HSBC acquires PCIB Savings

HSBC may now acquire 100% of PCIB Savings Bank according to the Monetary Board of the Bangko Sentral ng Pilipinas (BSP), the central bank.

The Monetary board of the Bangko Sentral Ng Pilipinas has given its assent to HSBC's purchase of PCIB Savings Bank. PCIB Savings Bank is a thrift bank, one of the four owned by Equitable PCIBank. The latter is the Philippines' third largest bank by assets which was formed by the merger of Equitable and PCIBank which was formalized early this year. HSBC is the 13th largest bank by assets operating in the country.

The decision shows a positive liberalization mindset on the part of the Monetary Board (MB) - the highest monetary policy making body in the country - as it had to find a loophole in the banking laws as its source of authority for the decision. As such, the decision could be challenged in the courts if an aggrieved party were to raise the validity of the board's interpretation of the law.

"This precedent-setting policy," the MB said, "paves the way for all other foreign banks and foreign bank branches similarly situated to maximize their investment rights under their respective banking licenses." Since the MB approved a policy, rather than merely promulgate a decision on the specific case of HSBC acquiring PCIB Savings, it has cleared the way for other foreign banks to invest in the local thrift bank sector.

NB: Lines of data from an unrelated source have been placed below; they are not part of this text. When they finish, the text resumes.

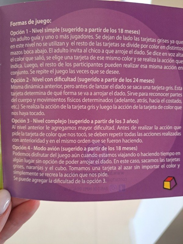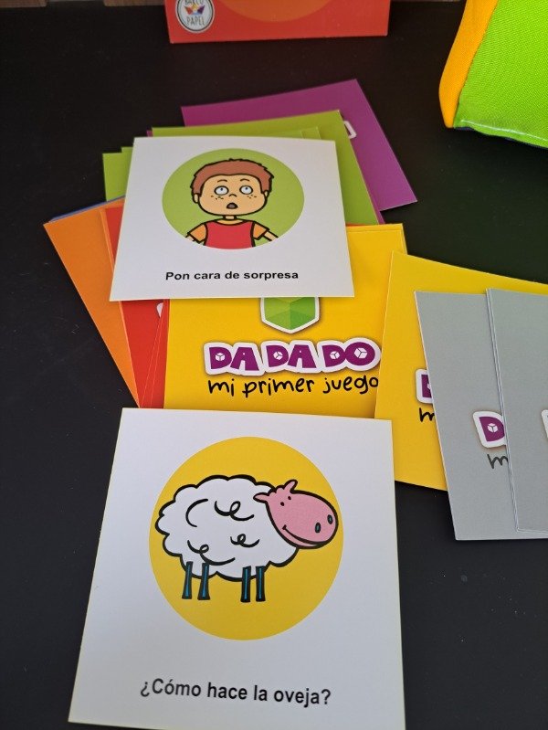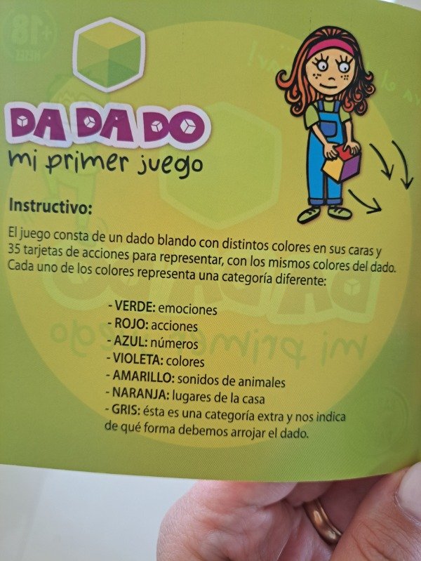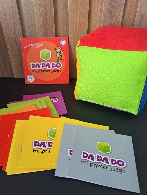 DADADO: El Primer Juego Educativo para Bebés (+18 Meses). Un juego de aprendizaje versátil y seguro, diseñado con un dado gigante, suave y blandito (16 cm) y mazos de cartas temáticas (35 cartas). 6 Categorías de Aprendizaje Temprano: Partes del cuerpo, Emociones, Colores, Números, Lugares de la casa, Sonidos de animales, entre otros. Desarrollo Integral: Fomenta habilidades esenciales como motoras, lenguaje, comunicación, coordinación, memoria y atención. Versátil: 4 formas de jugar diferentes con reglas simples y flexibles. Contenido: 1 Dado (16 cm), 1 Mazo de 35 cartas (10x10 cm), Instructivo. Edad: +18 meses. ¡Diversión y desarrollo garantizados para toda la familia!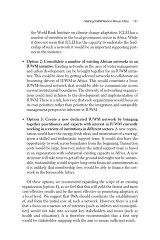 the World Bank Institute on climate change adaptation. ICLEI has a number of members in the local government sector in Africa. While it does not seem that ICLEI has the capacity to undertake the leadership of such a network it would be an important supporting partner in the initiative. • Option 2: Consolidate a number of existing African networks in an IUWM initiative. Existing networks in the area of water management and urban development can be brought together for an IUWM initiative. This could be done by getting selected networks to collaborate on becoming drivers of IUWM in Africa. This would constitute a loose IUWM-focused network that would be able to communicate across current institutional boundaries. The diversity of networking organizations could lend richness to the development and implementation of IUWM. There is a risk, however, that each organization would focus on its own priorities rather than prioritize the integration and sustainable management perspective inherent in IUWM. • Option 3: Create a new dedicated IUWM network by bringing together practitioners and experts with interest in IUWM currently working in a variety of institutions in different sectors. A new organization would have the energy, fresh ideas, and momentum of a start up, given a skilled and enthusiastic support team. It would also have the opportunity to work across boundaries from the beginning. Transaction costs would be large, however, unless the initial support team is based in an organization with substantial existing capacity in Africa. A new structure will take time to get off the ground and might not be sustainable; sustainability would require long-term financial commitments as it is unlikely that membership fees would be able to finance the network in the foreseeable future. Of these options, we recommend expanding the scope of an existing organization (option 1), as we feel that this will yield the fastest and most cost-effective results and be the most effective in promoting adoption at a local level. We suggest that IWA should coordinate the establishment of, and form the initial core of, such a network. However, there is a risk that a focus on a narrow set of interests (such as utilities and municipalities) would not take into account key stakeholders and issues (such as health and education). It is therefore recommended that a first step would be stakeholder mapping with the aim to ensure sufficient reach.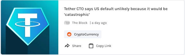 Tether CTO says US default unlikely due to how big of a catastrophe it would be worldwide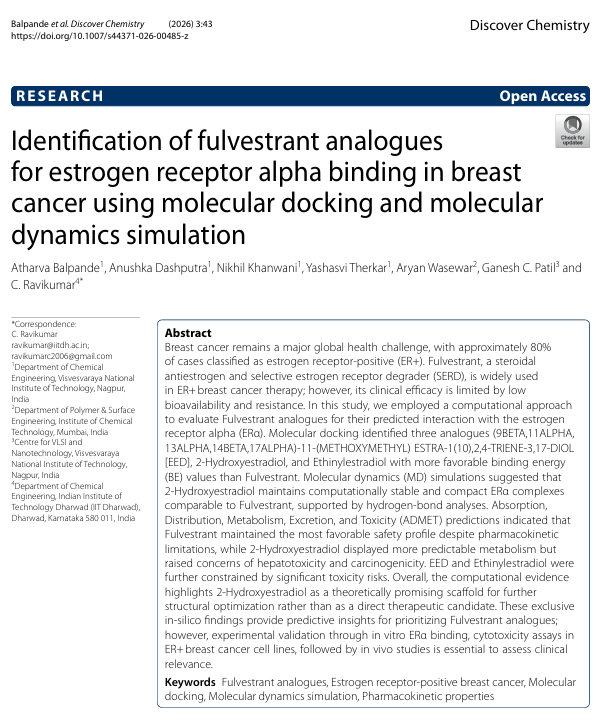 PRof. Ravikumar C and his team published a research article titled 'Identification of Fulvestrant Analogues for Estrogen Receptor Alpha Binding in Breast Cancer Using Molecular Docking and Molecular Dynamics Simulation' in the journal ' Discover Chemistry (Springer Nature), 3, 43, 2026'C.

The Board cited Republic Act 7721 (Foreign Banks Liberalization Act) which "conferred upon foreign bank branches the status of being equals of Philippine banks holding the same banking licenses." Under banking law, universal banks may own 100% of a thrift bank - but the law is silent on whether foreign banks under RA 7721 are qualified for such a privilege. From the letter of the banking act, the term "universal bank" refers only to Philippine-incorporated or Filipino-owned banks.

"The certificate of authority dated July 2, 1999 issued by the BSP to HSBC Manila branch vests in them all the rights of a universal bank, including investment in a thrift bank," the central bank said. The Thrift Bank Law provides for a maximum of 60% foreign ownership. The decision of the board interprets foreign banks as having the same rights as Philippine universal banks, an interpretation which can be assailed in the courts.

Strained interpretation

Why did the Monetary Board make a strained interpretation of the banking laws to allow ownership of thrift bank? Because of lack of foreign investments. Given its record-breaking currency dips, and confidence-shattering internal squabbles such as the recent accusation that President Estrada has been accepting gambling payoffs, the country desperately needs foreign investment.

Thus the Monetary Board said: "This is as it should be, considering that the liberalization of the Philippine banking system was deliberately undertaken to encourage much needed foreign investment in the country." Manila branches of foreign banks control 12% of assets and 14% liabilities in the local banking system.

Foreign ownership of banks

Under banking laws, within seven years of the General Banking Act of 2000 (GBA), the Monetary Board may authorize a foreign bank to acquire up to 100% of the voting stock of only one bank organized under the laws of the Philippines. Within the same period, the Monetary Board may authorize any foreign bank, (which, prior to the GBA coming into effect, acquired up to 60% of the voting stock of a bank under the Foreign Banks Liberalization Act and the Thrift Banks Act), to further acquire voting shares of such bank to the extent necessary for it to own 100% of the voting stock thereof. However, the GBA mandates that the Monetary Board shall ensure that at all times control of 70% of the resources or assets of the entire banking system is held by banks which are at least majority-owned by Filipinos.